Tarek reflected on the incident in a 2024 interview with E! News. “I wasn’t doing good. I really wasn’t doing good … hated my life, hated myself. I just hated being alive. So I decided to go blow off steam, hike some trails. And next thing I know, there’s a rifle pointed at me. I’m like, ‘Oh, something’s really going on.’ I swear everything slowed down. It was like a movie, and there’s these dust clouds everywhere, 11 sheriffs come up, they pull out their guns, they have me at gunpoint, they’re screaming at me. And I’m thinking, ‘What in the world is going on?’”
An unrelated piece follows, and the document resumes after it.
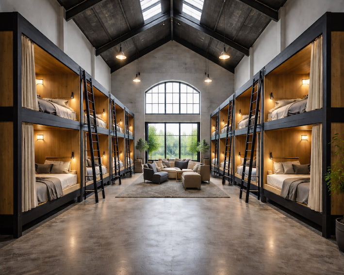 Vi hjælper ejere af landejendomme med at omdanne tomme lader, fabrikshaller mv. til små, rentable overnatningssteder – typisk med enkle sleeping pods og fællesfaciliteter.

2017: Carter Oosterhouse accused of coerced sex

A makeup artist who worked on Carter Oosterhouse’s HGTV show Carter Can alleged in 2017 that he coerced her into performing oral sex on her during production. Kailey Kaminsky told The Hollywood Reporter that she gave in to Oosterhouse’s demands after months of pressure from the TV host. “Then thereafter it was most every time we would shoot — 10 to 15 times he put me in this position,” she said.

Oosterhouse said in a statement to THR that he did have an “intimate relationship” with Kaminsky but said that it was “100% mutual” and that he “never would have done anything” that wasn’t “mutually agreeable.”

2019: Windy City Rehab’s legal saga begins

HGTV’s Windy City Rehab endured so much legal drama that the Chicago Sun-Times has a timeline of lawsuits, permit violations, and stop-work orders that impacted the show and its hosts. In 2019, for example, the show was hit with a stop-work order for doing construction without a permit, and then-cohost Donovan Eckhardt had his license suspended.

In 2020, Eckhardt and cohost Alison Victoria were sued for fraud by homeowners alleging shoddy construction on their $1.36 million home (in a suit that was later settled), Eckhardt was sued by a subcontractor alleging Eckhardt hadn’t paid him $108,500, another pair of homeowners sued the cohosts for alleged fraud and shoddy work (in a case that was later resolved), and investors sued them for allegedly running “a deliberate and fraudulent scheme to misappropriate funds.”

And in 2021, Eckhardt sued Discovery Inc. and production company Big Table Media, claiming he’d been falsely portrayed as the villain on the show, in a case that was later dismissed.